Detailed Data Quality Summary for the CALIPSO Version 1.00 Lidar Level 3 GEWEX Cloud Data Monthly Product
Data Version:
1.00
Data Release Date:
December 2019
Data Date Range:
June 13, 2006 to December 31, 2016
The lidar level 3 (L3) cloud product for the Global Energy and Water Cycle Experiment
(GEWEX) Cloud Assessment (hereafter the L3 CALIPSO format GEWEX cloud product) reports
global distributions of cloud occurrence and cloud top in terms of temperature, pressure
and height on a 2-dimentional (2D) longitudinal and latitudinal grid. Each month, there
are three files describing statistics during day (with day granules only), night
(with night granule only) and all (with both day and night granules).
Due to an elevated frequency of low energy shots within and near the Southern
Atlantic Anomaly region since late May 2017, all L3 cloud products including this
L3 CALIPSO format GEWEX cloud product have been stopped processing after December
2016. The lidar science working group is currently working on understanding how
this issue might affect all levels of CALIPSO product.
Level 2 Input Data
The version 1.00 of level 3 (L3) CALIPSO format GEWEX cloud product is processed
from V4.20 level 2 (L2) 5-km merged cloud layer product as shown in the following
table.
Table 1: Input data for the L3 CALIPSO format GEWEX cloud product.

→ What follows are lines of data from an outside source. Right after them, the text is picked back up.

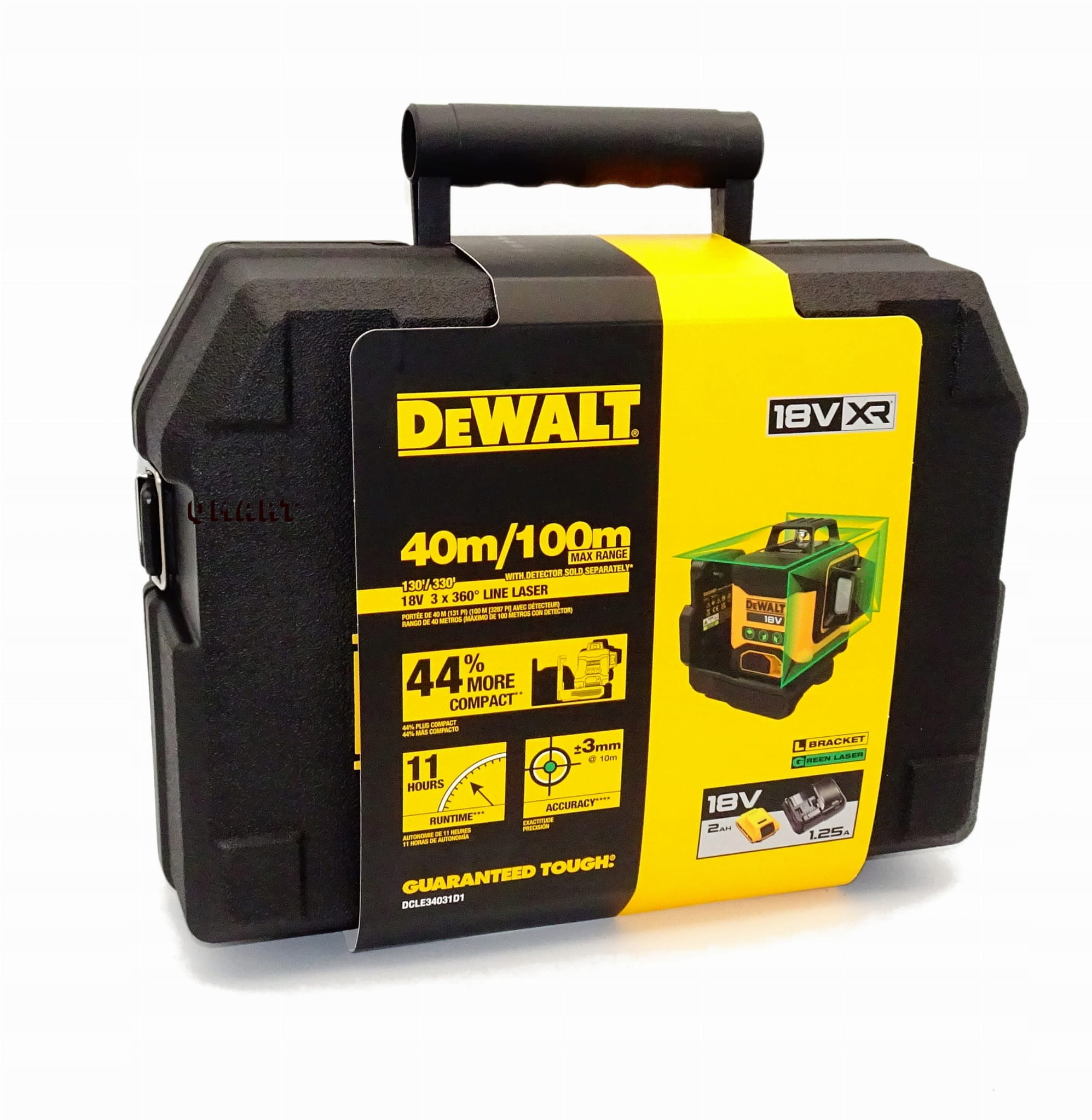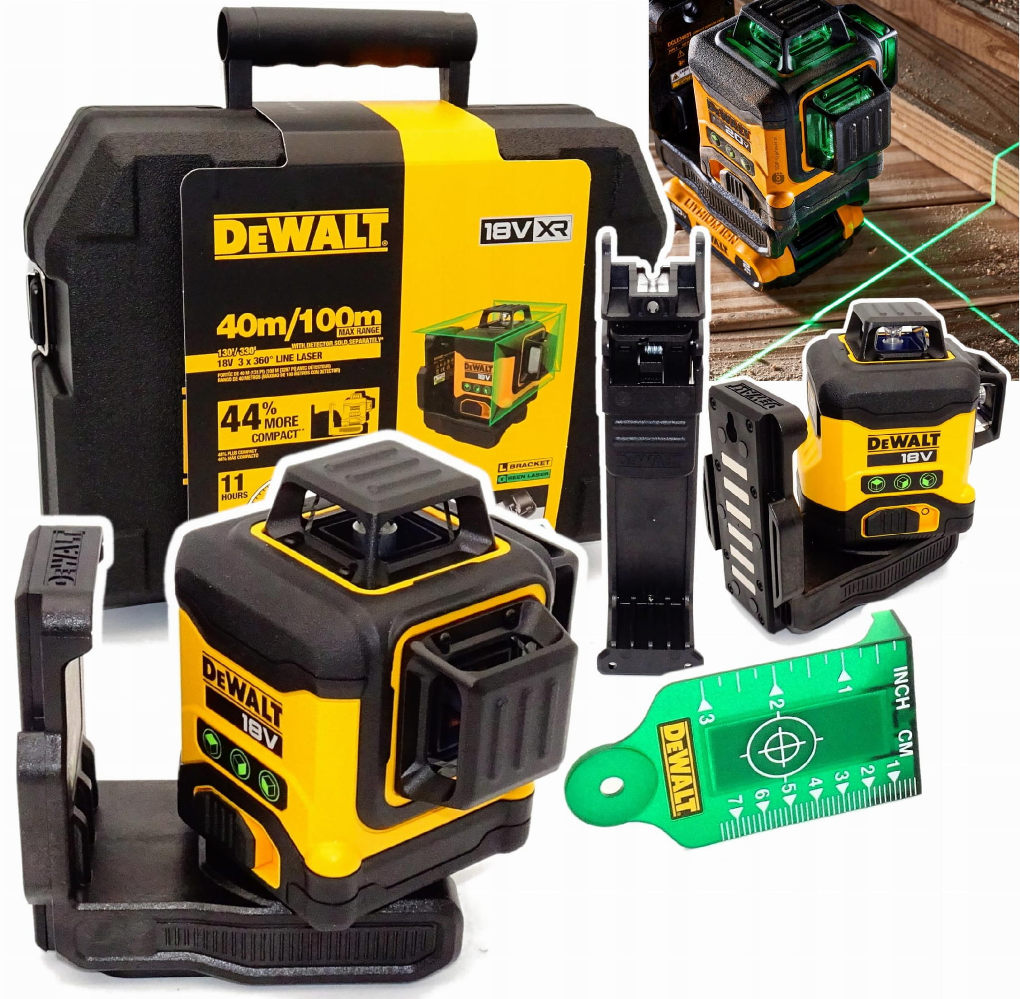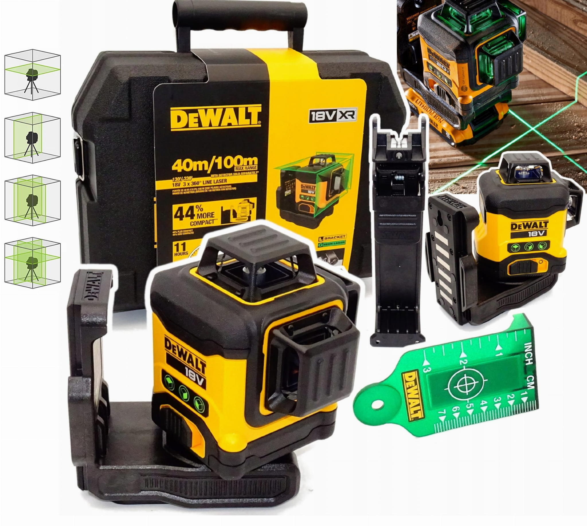 DCLE34031 Zielony laser 3×360° 18V XR 40 m – zestaw z akumulatorem i walizką
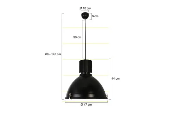 Hanglamp Warbier 7277ZW van het merk Steinhauer is een stoere, industriële hanglamp. De hanglamp is voorzien van een E27 (grote) fitting en geschikt voor lichtbronnen tot maximaal 60 Watt. De kap heeft een diameter van 47 centimeter en een hoogte van 44 centimeter. De hanglamp is tijdens montage in hoogte te verstellen tot maximaal 145 centimeter. De hanglamp is dimbaar middels een externe dimmer en bijpassende lichtbron.
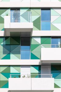 Die maximal sechs Quadratmeter großen Paneele des StoVentec Glass-Systems müssen nicht rechteckig sein, wie das Beispiel einer Pariser Wohnanlagenfassade (Beckmann N’Thépé, Paris) zeigt.

Lidar Level 2 Input Data for Level 3 CALIPSO format GEWEX cloud product, V1.00
Level 2 Version
Data Date Range
V4.20
June 2006 - December 2016
What is the Global Energy and Water Cycle Experiment (GEWEX) Cloud Assessment?
The goal of
the GEWEX Cloud Assessment
is to evaluate the overall quality of available, global, long-term cloud products.
It focuses on intercomparision of global level 3 (L3) cloud products retrieved from
satellites with different measuring techniques, including multi-spectral imagers
(e.g., MODIS), multi-angle multi-spectral imagers (e.g., MISR), infrared sounders
(e.g., HIRS-NOAA) and active lidar (e.g., CALIPSO).
Following
the general guidance,
each cloud team used the same approach to create its L3 dataset, providing one file
per cloud property, per individual year, and per observation time of day on a 1 degree
latitude by 1 degree longitude grid. Table 2 lists the spatial coverage and resolution
of the dataset.
Table 2: The spatial coverage and resolution of L3 GEWEX cloud product.
Spatial Coverage
Spatial Resolution
360° longitude (180° W to 180° E)
1.0° longitude
180° latitude (90° S to 90° N)
1.0° latitude
Cloud properties include cloud amount (fractional cloud cover), cloud height
(in terms of pressure, temperature or altitude), cloud radiative properties
(visible optical depth or infrared emissivity), cloud thermodynamic phase (liquid or ice)
and bulk microphysical properties (effective particle size and water path).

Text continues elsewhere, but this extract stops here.